Pursuant to SSR 96-7p, an ALJ must assess Plaintiff's credibility by considering objective medical evidence and (1) the individual's daily activities; (2) the location, duration, frequency, and intensity of the individual's pain or other symptoms; (3) factors that precipitate and aggravate the symptoms; (4) the type dosage, effectiveness, and side effects of any medication the individual takes or has taken to alleviate pain or other symptoms; (5) treatment, other than medication, the individual receives or has received for relief of pain or other symptoms; (6) any measures other than treatment the individual uses or has used to relieve pain or other symptoms; and (7) any other factors concerning the individual's functional limitations and restrictions due to pain or other symptoms. SSR, 96-7p, 3; 20 C.F.R. § 404.1529(c)(3). --------
Here, the ALJ found Plaintiff was not fully credible with regard to the degree of impairment caused by her mental conditions:
Regarding credibility, the claimant has been able to control her behavior when she is being treated by medical staff. She has given inconsistent statements regarding her polysubstance use. She reported, during her April 2012 session at Lehigh Valley Community Health, that she used marijuana in March 2012. The overall evidence does not support the claimants' subjective complaints. The evidence does not support limitations that would preclude all work activity.(R. 32) (citations omitted). The ALJ provided no additional support for this general finding. He did not discuss the medical opinions of Dr. Lirag or Dr. Gold. Other than noting the perception of the Disability Office field staff that Plaintiff appeared able to control herself and pointing to Plaintiff's testimony regarding marijuana use, the ALJ did not explain which evidence he gave little weight to, and why. Accordingly, remand is recommended for the ALJ to clarify why Plaintiff's subjective complaints are not entitled to greater weight. See Gross, 2016 WL 3553259, at *5.
VI. CONCLUSION
After careful review of the ALJ's decision, the administrative record, and the parties' arguments, I find the ALJ erred by failing to explain the weight afforded to the medical evidence, and the reasons for discounting Plaintiff's subjective complaints related to her mental impairments.
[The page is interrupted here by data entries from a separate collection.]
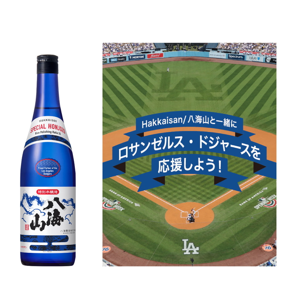八海醸造は2025年3月にロサンゼルス・ドジャースとパートナーシップ契約を締結し、その記念として球団のチームカラー「ドジャーブルー(Dodger Blue)」をまとった限定デザインボトル(720mL)を用意した。アルコール分は15.5度で、価格は1540円前後。
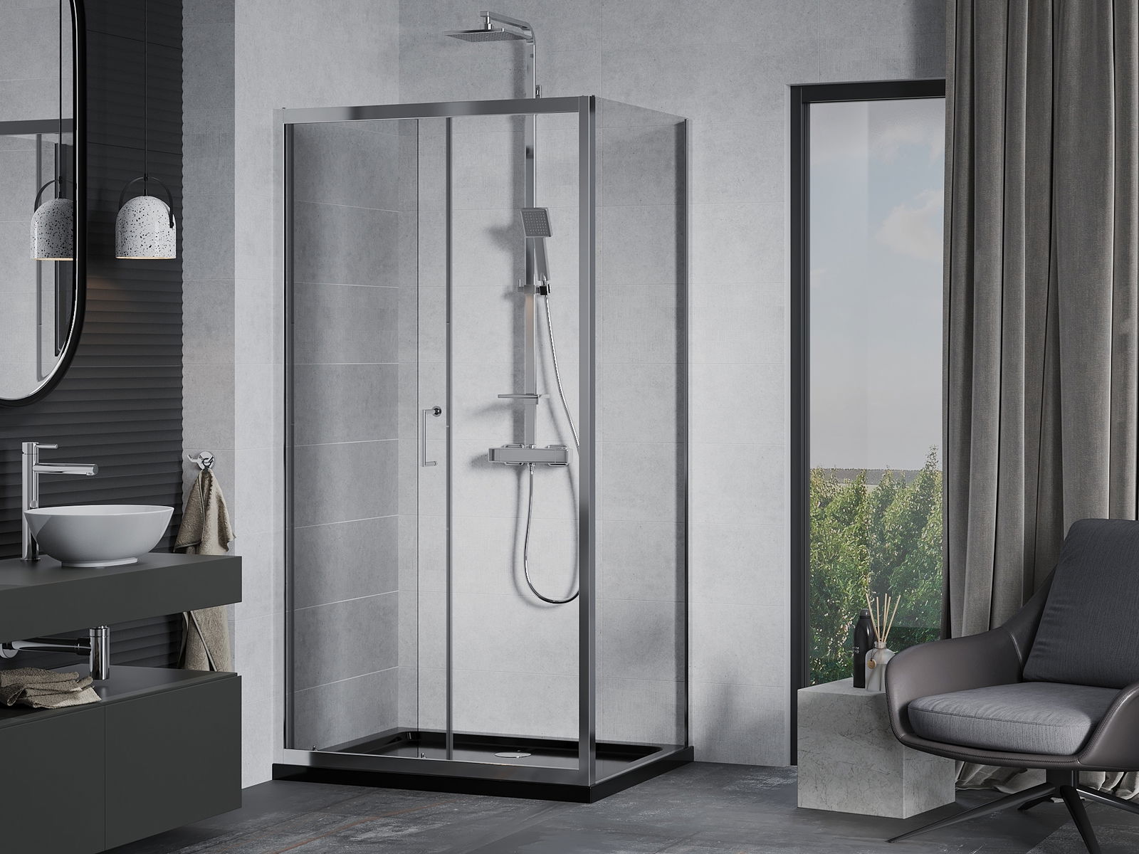 Mexen Apia sliding shower enclosure 90 x 70 cm, transparent, chrome + Flat tray, black - 840-090-070-01-00-4070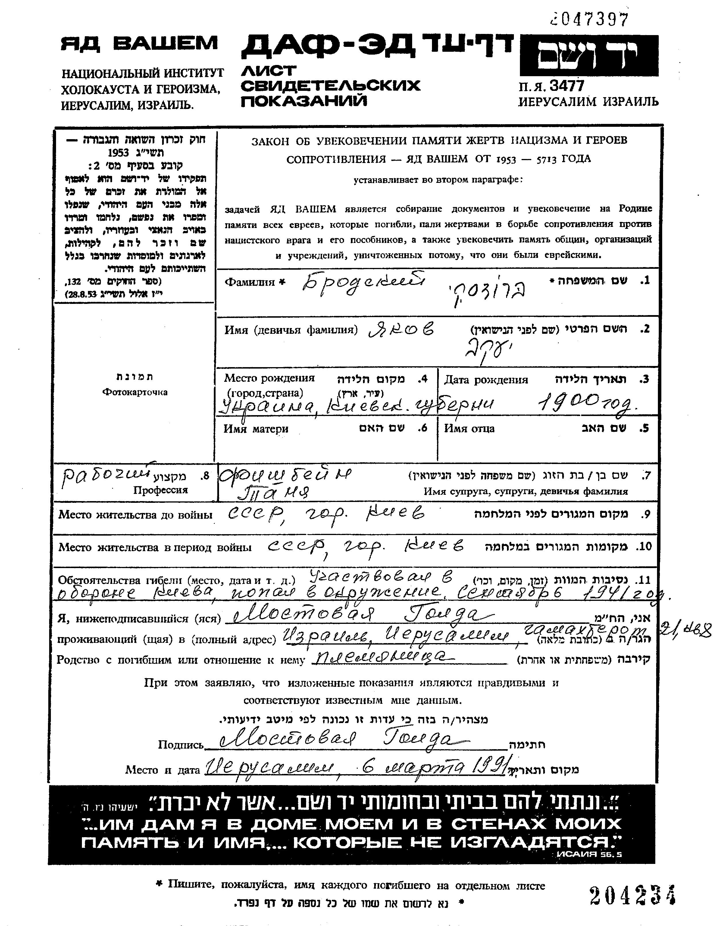 Brodsky Yakov 1900 Kiyev, Ukraine (USSR) Page of Testimony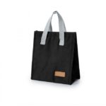 Bolsa térmica de rPET com capacidade de 4 litros com bolso frontal. Feita a partir de materiais recicláveis.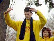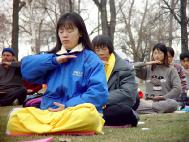 | 電台記者採訪 | 記者們學習法輪功功法 | |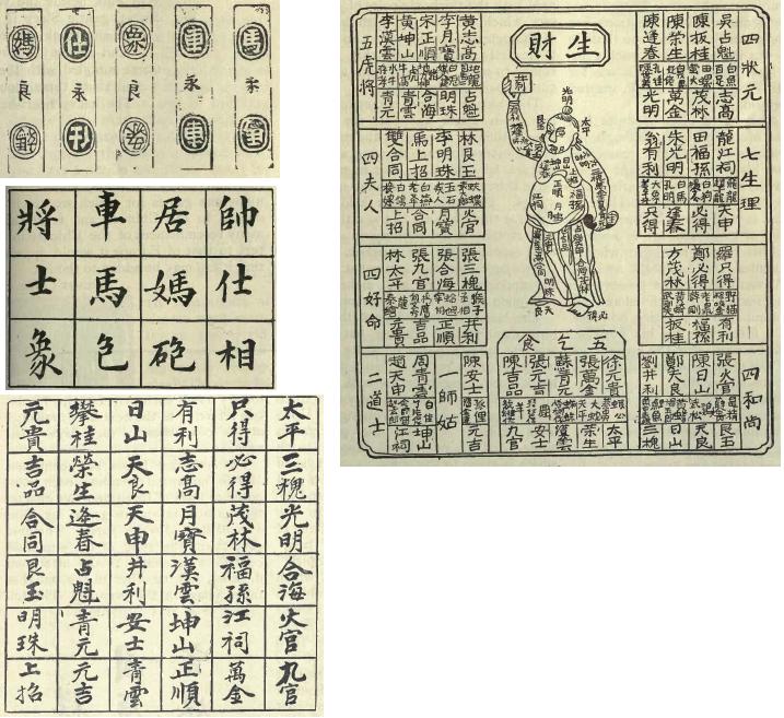 So far, the utility of the pictured sheet has not been apparent. Upon examination, it appears that the names contained in the middle space of each of the thirty-six divisions are those of birds, beasts, fishes, and reptiles ; of common occupations, as tailor and gobetween ; of noted characters in the popular romances and histories, and of miscellaneous objects, such as "jade," a "corpse," and the "Tutelary Spirit." This heterogeneous collection, which somewhat resembles the lists of objects in the dream-books sold in our shops for the use of "policy" players, is employed by some of the gamblers for a similar purpose. The picture of the man forms part of the scheme, so that if a person dreams of the right hand or the left hand, the stomach, or any part of the body, he plays the name which stands written upon that particular organ in the diagram.

Accordingly, I respectfully recommend that Plaintiff's request for review be granted, and this matter be remanded to the ALJ for further evaluation consistent with this opinion. Therefore, I make the following:
RECOMMENDATION
AND NOW, this 21ST day of September, 2016, it is RESPECTFULLY RECOMMENDED that Plaintiff's request for review be GRANTED, as set forth herein.
BY THE COURT:
/s/ Lynne A. Sitarski
LYNNE A. SITARSKI
UNITED STATES MAGISTRATE JUDGE
Sykes v. Apfel, 228 F.3d 259, 262-63 (3d Cir. 2000).